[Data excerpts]
=-=-=
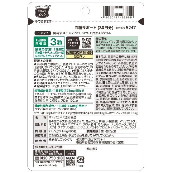 HOME 식품/간식 건강 보조 식품 혈당 서포트 실속 상품 NEW 추천 FANCL 혈당 서포트 실속 상품 Approx. 90 days(Economy set of 3 packets)1 packet (90 tablets) x 3 면세가격¥4,140 6314100132 / 4908049478162 면세가격 ¥4,140 6314100132 / 4908049478162 For people with high blood sugar, the key to controlling sugar levels is early treatment.No matter how carefully we eat, our ability to control blood sugar decreases as we age.Blood-Glucose Support is a Food with Function Claims that regulates high blood sugar levels by helping the body to metabolize the sugar in the blood. Take care of your body’s functions with these ingredients for lowering blood sugar levels. 목록으로 돌아가기 FANCL 상품 더 보기 *실제 상품의 컬러와 상이할 수 있으니 양해바랍니다. *면세가격 및 취급상품은 불가피한 사정으로 인해 변경될 수 있습니다. *사이트에 기재된 상품이라도 품절・판매완료된 경우가 있으니 양해부탁드립니다. 미성년자에게 주류・담배류를 판매하지 않습니다. 관련 상품 NEW 추천 FANCL BB 올리고 파우더 by 내장지방 서포트 Contains 30 sticks 3 box ¥4,610 6314100131 NEW 추천 FANCL 딥 차지 콜라겐 스틱 젤리 Approx. 30 days(Economy set of 3 boxes)1 box (10 sticks) x 3 ¥5,700 6314100113 NEW 추천 FANCL 무릎관절 영양제 실속 상품 Approx. 90 days(Economy set of 3 packets)1 packet (30 tablets) x 3 ¥6,920 6314100130 NEW 추천 FANCL 채소, 유산균, 비피더스균을 섭취할 수 있는 녹즙 Contains 10 sticks1 box ¥1,170 6314100115 NEW 추천 FANCL 코레스테 서포트 30 days60 capsules ¥2,500 6314100116 이 페이지는 20세 이상을 대상으로하고 있습니다. 생년월일 서기 2025 2024 2023 2022 2021 2020 2019 2018 2017 2016 2015 2014 2013 2012 2011 2010 2009 2008 2007 2006 2005 2004 2003 2002 2001 2000 1999 1998 1997 1996 1995 1994 1993 1992 1991 1990 1989 1988 1987 1986 1985 1984 1983 1982 1981 1980 1979 1978 1977 1976 1975 1974 1973 1972 1971 1970 1969 1968 1967 1966 1965 1964 1963 1962 1961 1960 1959 1958 1957 1956 1955 1954 1953 1952 1951 1950 1949 1948 1947 1946 1945 1944 1943 1942 1941 1940 1939 1938 1937 1936 1935 1934 1933 1932 1931 1930 1929 1928 1927 1926 1925 1924 1923 1922 1921 1920 1919 1918 1917 1916 1915 1914 1913 1912 1911 1910 1909 1908 1907 1906 1905 월 1 2 3 4 5 6 7 8 9 10 11 12 일 1 2 3 4 5 6 7 8 9 10 11 12 13 14 15 16 17 18 19 20 21 22 23 24 25 26 27 28 29 30 31 다음번부터 입력을 생략 네아니요 ※공유 PC를 이용 시에는 “아니요” 선택해 주세요. 20세 미만의 분은 주류, 담배의 상품을 열람할 수 없습니다. 열람한다 톱 페이지로 저희 가게에서는, 미성년자에 대해서는 주류, 담배의 판매를 하지 않습니다. 상품을 장바구니에 추가했습니다 계속 쇼핑하세요 합의
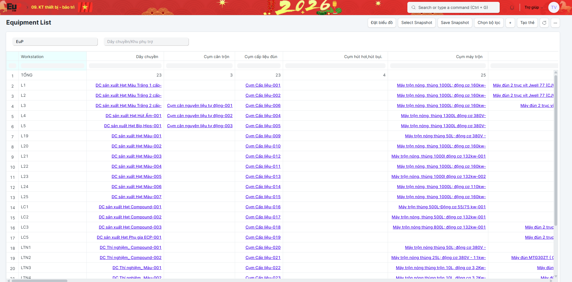 Các thiết bị được liệt kê theo từng dây chuyền/khu vực thuộc quản lý của nhà máy.
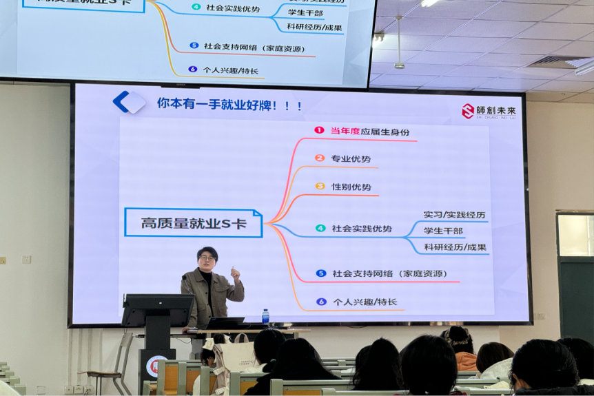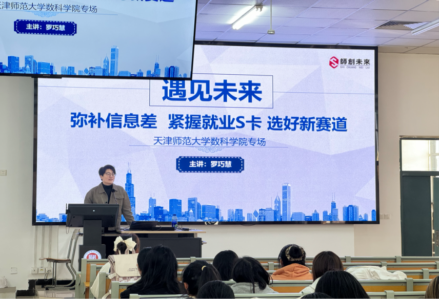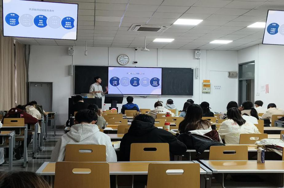 10月31日下午,公司在博理楼B100举办了关于“天津市2025年教师招聘规律机遇及趋势展望”就业指导会,邀请志鼎教育培训公司资深考情专家——苗雯月老师进行讲解。苗雯月老师围绕“2024年天津市教师编制考情”进行深入剖析,他结合自己多年工作经验,综合分析出2024年考编规律及2025年考情分析,向同学们分享了区招最新报考条件规律等。讲座中,苗老师与同学们积极交流互动,现场气氛十分活跃。
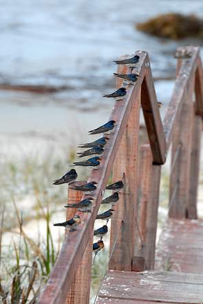Der Strand liegt geschützt in der kreisförmigen Bucht, so dass man hier schön schwimmen könnte. Hätten wir auch gerne gemacht, wäre es nicht so windig und kühl gewesen. Wir parkten auf dem kleinen Parkplatz oberhalb der Bucht. Ein hölzerner Boardwalk führt durch die Dünen zum Strand und zahlreiche Schwalben ruhten sich auf dem Handlauf aus. Ab und zu erhoben sie sich in die Luft, um über dem Strand Fliegen zu jagen, aber bei starkem Wind müssen sich die schnellen Flieger auch einmal ausruhen. So landeten sie kurze Zeit später wieder und saßen, wie auf einer Schnur aufgezogen, alle hintereinander.
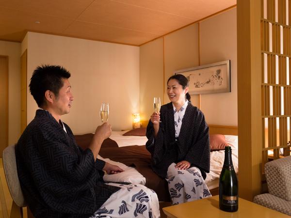 【雪ほたる・和洋室】ご夫婦や女性同士のご旅行に人気です。
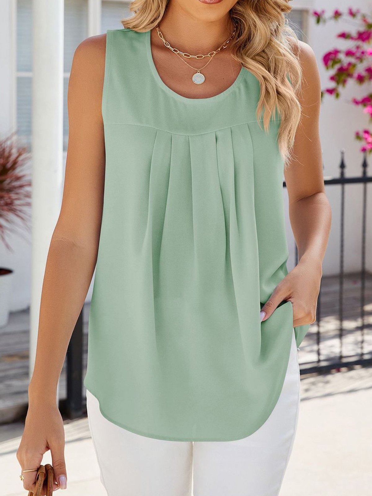 Sleeveless Crew Neck Plain Casual Regular Tank Top
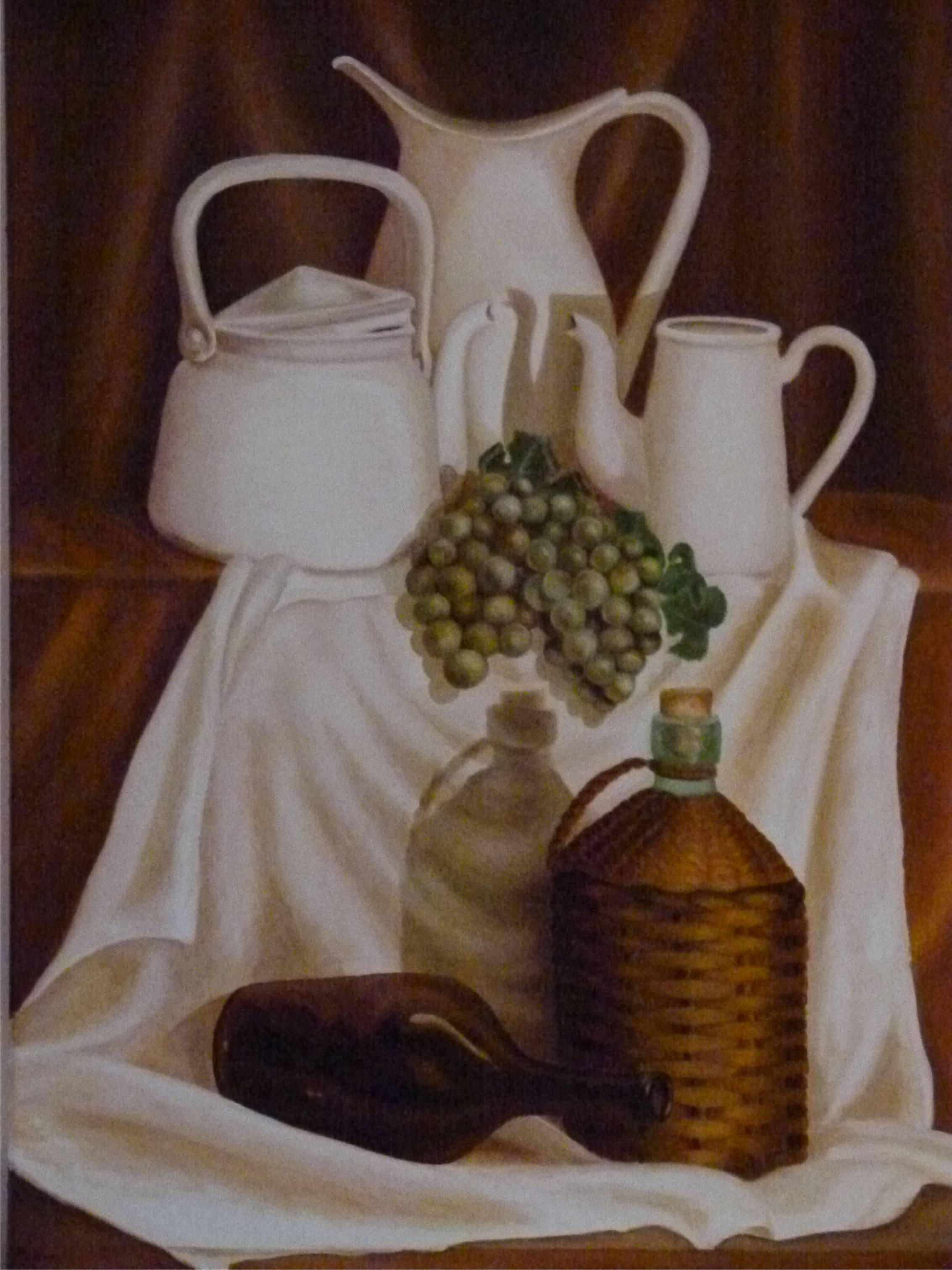Obraz przedstawia martwą naturę z subtelną kompozycją białych dzbanków, czajników i winogron ułożonych na białym obrusie. Tło w ciepłych, brązowych tonacjach dodaje głębi i kontrastu. Artysta użył delikatnych pociągnięć pędzla, aby stworzyć realistyczną fakturę zarówno ceramiki, jak i owoców. Nastrój dzieła jest spokojny, niemal melancholijny, a zarazem elegancki. To przypomina cichy poranek, kiedy wszystko jeszcze śpi. Styl artystyczny jest klasyczny, a technika malarska zdradza dbałość o detal. Widać, że artysta bawił się światłem i cieniem, tworząc trójwymiarowość przedmiotów. Może sprawiać, że odbiorca myśli o prostocie dawnych czasów, kiedy rzeczy codzienne były celebrowane. U mnie wywołuje to skojarzenie z ciepłem rodzinnego domu i obietnicą dobrego jedzenia. Patrząc na ten obraz, dziecko mogłoby powiedzieć: "Te dzbanki wyglądają, jakby zaraz chciały mówić!" Jest tu coś magicznego i nostalgic, co przyciąga uwagę. Jedno spojrzenie i czuć cichą rozmowę między przedmiotami. Obraz, choć statyczny, ożywa w naszym umyśle. Każdy element zdaje się szeptać swoją historię.
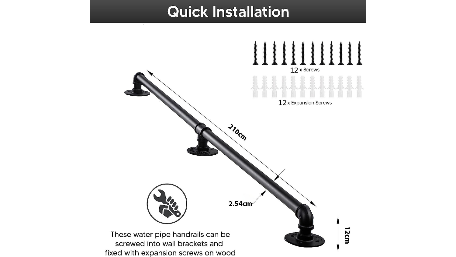 Add a touch of style to your staircase with Kmall's DIY Industrial Pipe Design Stairway Handrail 210cm! Made from strong carbon steel and finished in a sophisticated black matte finish, this 210 cm L x 12 cm H handrail is as stylish as it is sturdy. The unique industrial design effortlessly complements any interior, making it a perfect addition to your home.
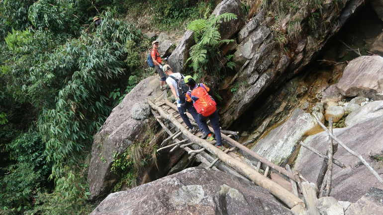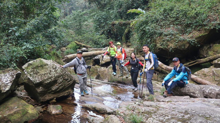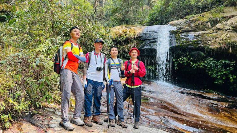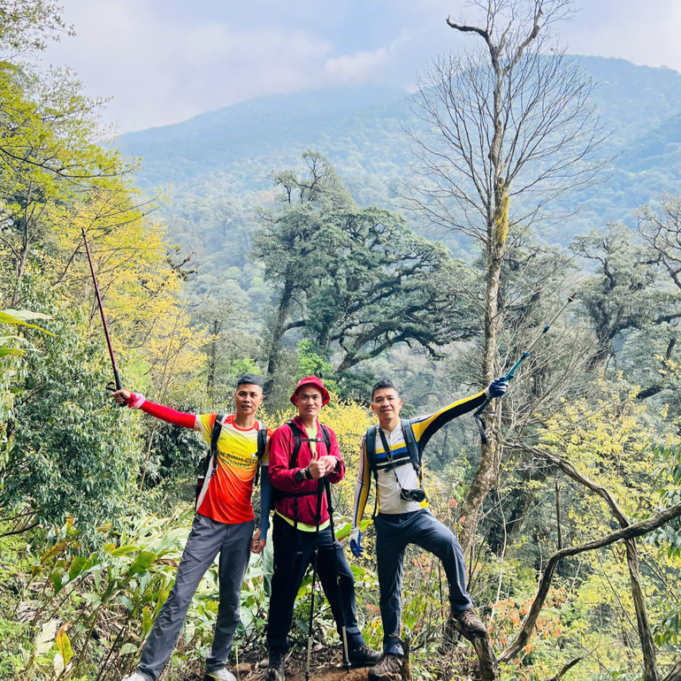 Hơn 2 ngày liên tục di chuyển đường rừng, gần 40 km cả đi và về với cung đường hiểm trở, “lên thác, xuống ghềnh” đủ vắt cạn sức của cả người khỏe nhất đoàn. Nhưng cảm giác phấn khích được chạm vào khối tháp kim loại ở độ cao 2.881m luôn là động lực hối thúc những bước chân ngược núi.
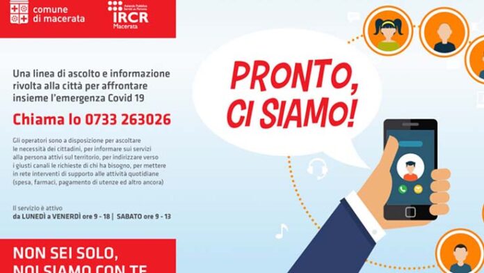 MACERATA – Il Comune di Macerata, in collaborazione con l’Azienda Pubblica Servizi alla Persona Ircr,  mette in campo il progetto di solidarietà “Pronto, ci siamo!”, un servizio per essere al fianco dei cittadini e affrontare in maniera più agevole questo periodo di emergenza sanitaria. Si tratta di uno sportello di orientamento rivolto all’intera popolazione per tutte le necessità che emergono a causa della delicata situazione epidemiologica da Covid 19, un servizio in grado di offrire risposte concrete grazie anche alla sinergia con le tante associazioni che operano a Macerata, in diversi ambiti, ma anche uno spazio di ascolto e di accoglienza. Obiettivi di “Pronto, ci siamo!”, che risponde al numero 0733.263026, sono infatti il contrasto al senso di solitudine, fornire supporto e informazioni mirate e infine quello di mettere in rete le risorse presenti nel territorio. Gli operatori di “Pronto, ci siamo!” sono a disposizione per informare i cittadini sui servizi attivi, per indirizzare verso i giusti canali le richieste di chi ha bisogno, per mettere in rete interventi di supporto alle attività quotidiane. I cittadini, ad esempio, hanno la possibilità di avere informazioni sui servizi funzionanti nel proprio quartiere, dalle farmacie agli esercizi commerciali, compresi i supermercati, che offrono la consegna dei beni a domicilio o magari chiedere supporto per il pagamento delle utenze e così via. Lo sportello è attivo fino al 31 dicembre, con possibilità di proroga in base all’evoluzione dell’emergenza, dal lunedì al venerdì dalle 9 del mattino alle 18 e il sabato dalle 9 alle 13.
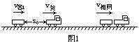 [说明] 本题也可用v-t图求解.如图2所示,画出两车的速度图线.刚好相遇不相撞时,其中画有斜线的三角形面积数值上应等于s0,即
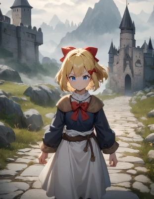 1girl,solo,short hair,blonde hair,blue eyes,red ribbon,hair ornament,(hair bow:1.3),red bow,reminiscing,sepia-toned amusement park,nostalgic expression,detailed background,anime style,japanese anime style,young girl,memory,past,vintage,amusement park,ferris wheel,carousel,old-fashioned rides,childhood memories,wistful,dreamy,emotional,soft focus,gentle lighting,retro,faded colors,poignant,reflective,sentimental,playground,quiet moment,peaceful,introspective,dreamy atmosphere,melancholic,
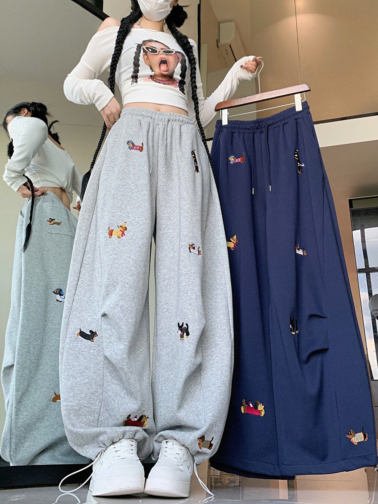 American Retro Cartoon Embroidered Scimitar Sweatpants for Women, Spring and Autumn Loose Straight Wide-Leg Pants, Versatile Sports Casual Long Pants
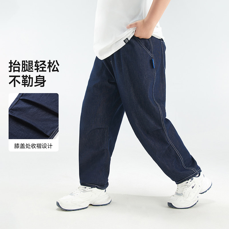 宽褶耐磨牛仔裤小猪托尼胖男夏装薄牛仔童中大童宽松加肥加大裤子
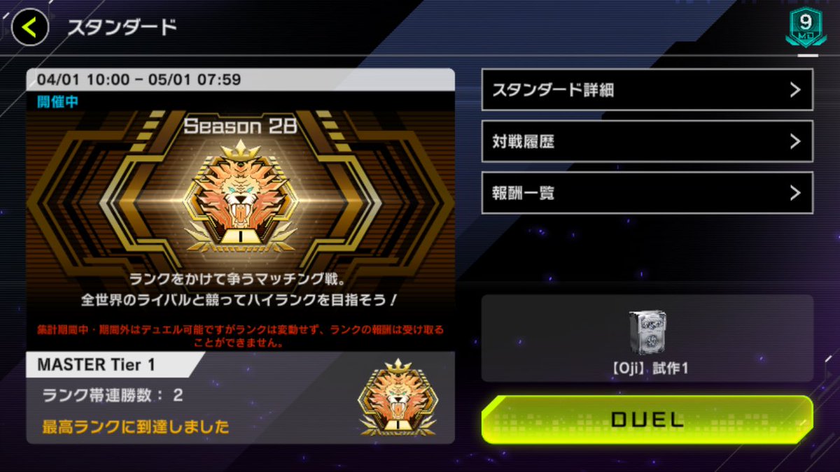 ヴァリアンツでマスター1! 2で無限に沼ってたけどギリ降格なしで耐えた。 pic.twitter.com/hCsl2HvhIY
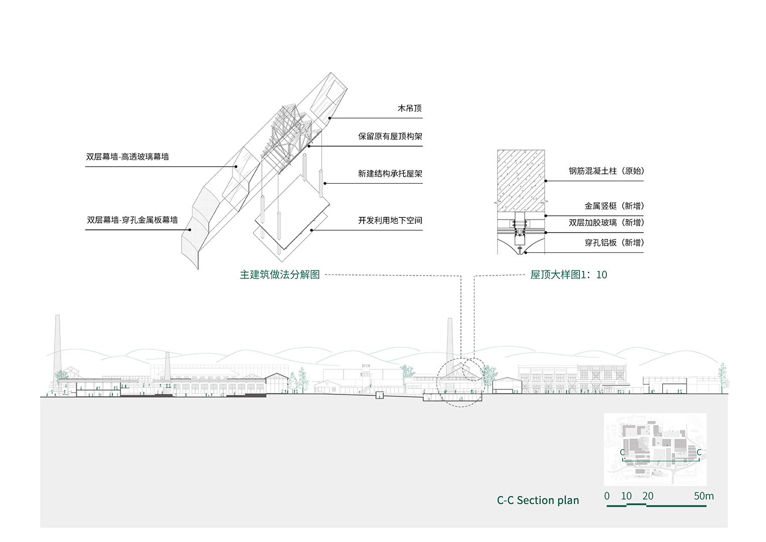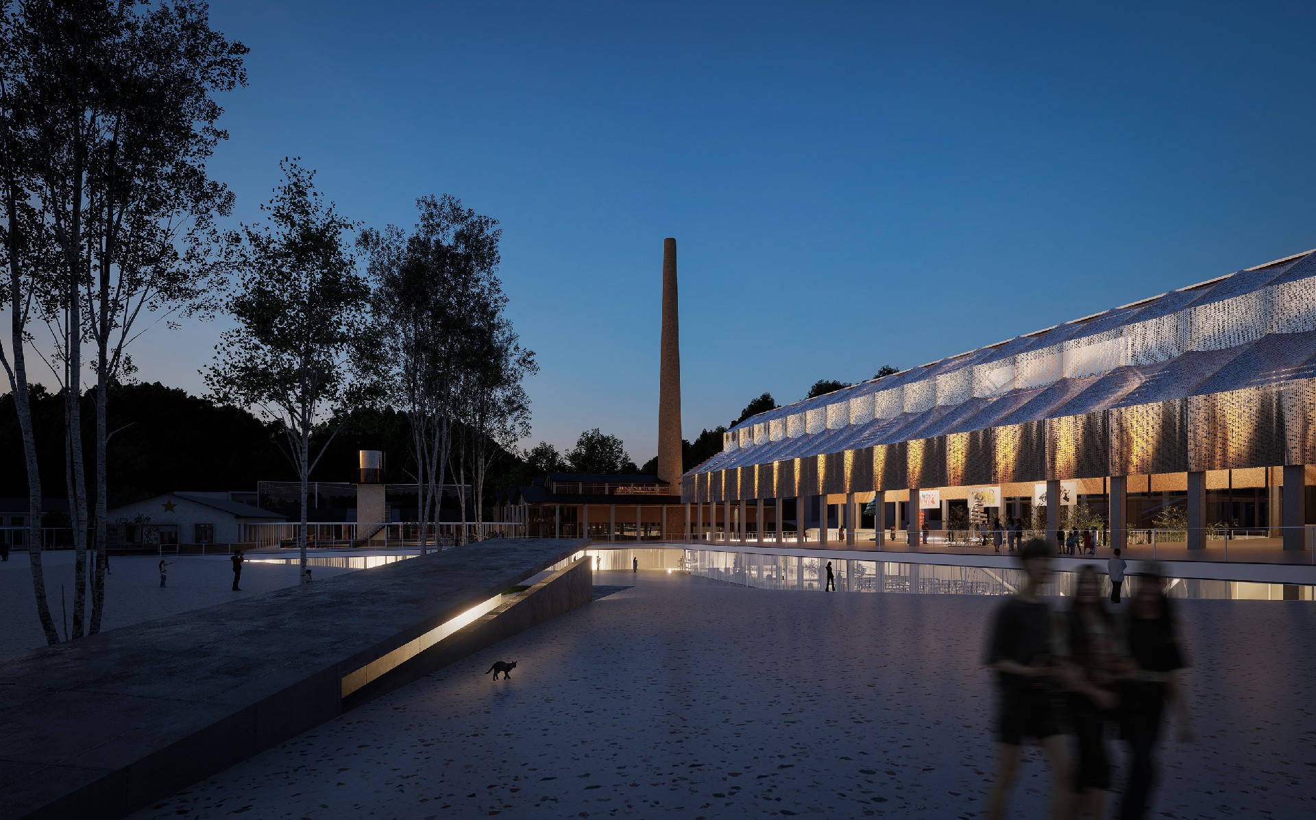项目以“日常式文创园”为导向,避免将老工业基地单一地消费为观景式文旅资源,而是深入思考如何在保留工业遗产精神的基础上,引入面向居民与游客的共用机制,重构空间活力。设计尊重场地原貌,梳理旧有动线结构,在保留历史肌理的基础上,引入慢行网络、共享空间与小尺度的文创经营单元,赋予场所新的生活功能。厂房被重新定义为集展览、制作、交流于一体的文化节点;原有作业流线则转化为游走于日常与展演之间的体验路径。
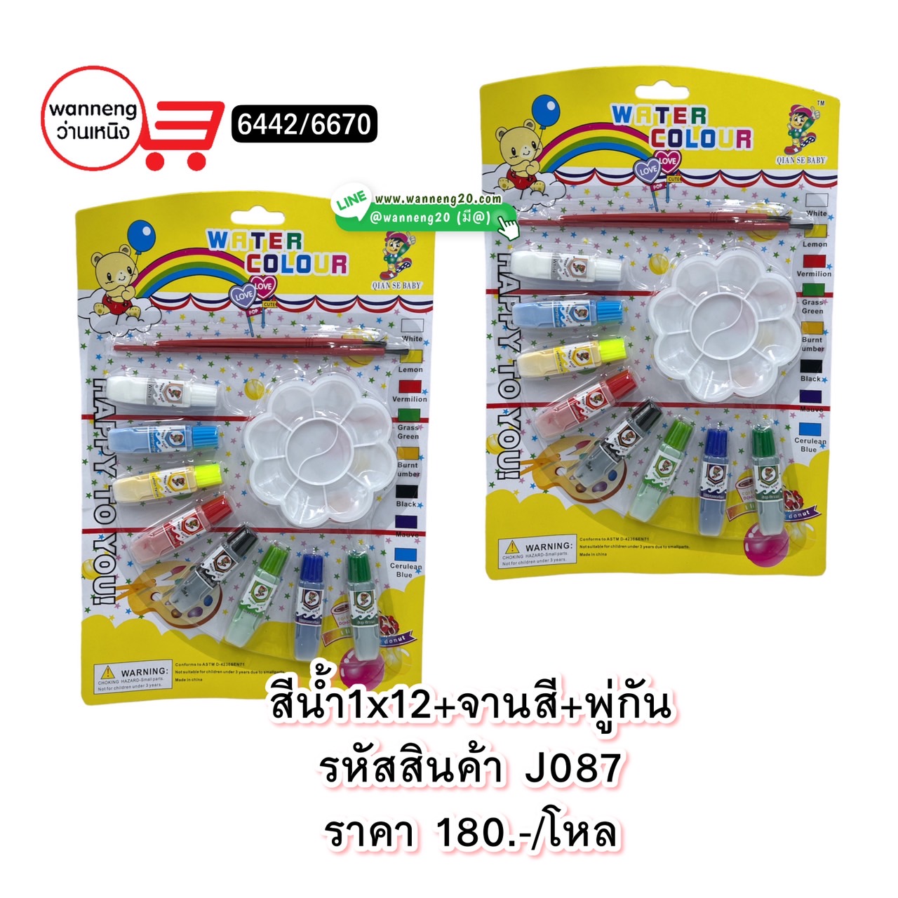 J087 สีน้ำ1x12+จานสี+พู่กัน 6442 1 โหล
=-=-=
Task requirements :: Make an exact copy of the lines of the records from the line containing "1girl,solo,short hair,blonde hair,blue" through the final line, both ends included, but not of the pictures.

Response to the task ::
 1girl,solo,short hair,blonde hair,blue eyes,red ribbon,hair ornament,(hair bow:1.3),red bow,reminiscing,sepia-toned amusement park,nostalgic expression,detailed background,anime style,japanese anime style,young girl,memory,past,vintage,amusement park,ferris wheel,carousel,old-fashioned rides,childhood memories,wistful,dreamy,emotional,soft focus,gentle lighting,retro,faded colors,poignant,reflective,sentimental,playground,quiet moment,peaceful,introspective,dreamy atmosphere,melancholic,
 American Retro Cartoon Embroidered Scimitar Sweatpants for Women, Spring and Autumn Loose Straight Wide-Leg Pants, Versatile Sports Casual Long Pants
 宽褶耐磨牛仔裤小猪托尼胖男夏装薄牛仔童中大童宽松加肥加大裤子
 ヴァリアンツでマスター1! 2で無限に沼ってたけどギリ降格なしで耐えた。 pic.twitter.com/hCsl2HvhIY
项目以“日常式文创园”为导向,避免将老工业基地单一地消费为观景式文旅资源,而是深入思考如何在保留工业遗产精神的基础上,引入面向居民与游客的共用机制,重构空间活力。设计尊重场地原貌,梳理旧有动线结构,在保留历史肌理的基础上,引入慢行网络、共享空间与小尺度的文创经营单元,赋予场所新的生活功能。厂房被重新定义为集展览、制作、交流于一体的文化节点;原有作业流线则转化为游走于日常与展演之间的体验路径。
 J087 สีน้ำ1x12+จานสี+พู่กัน 6442 1 โหล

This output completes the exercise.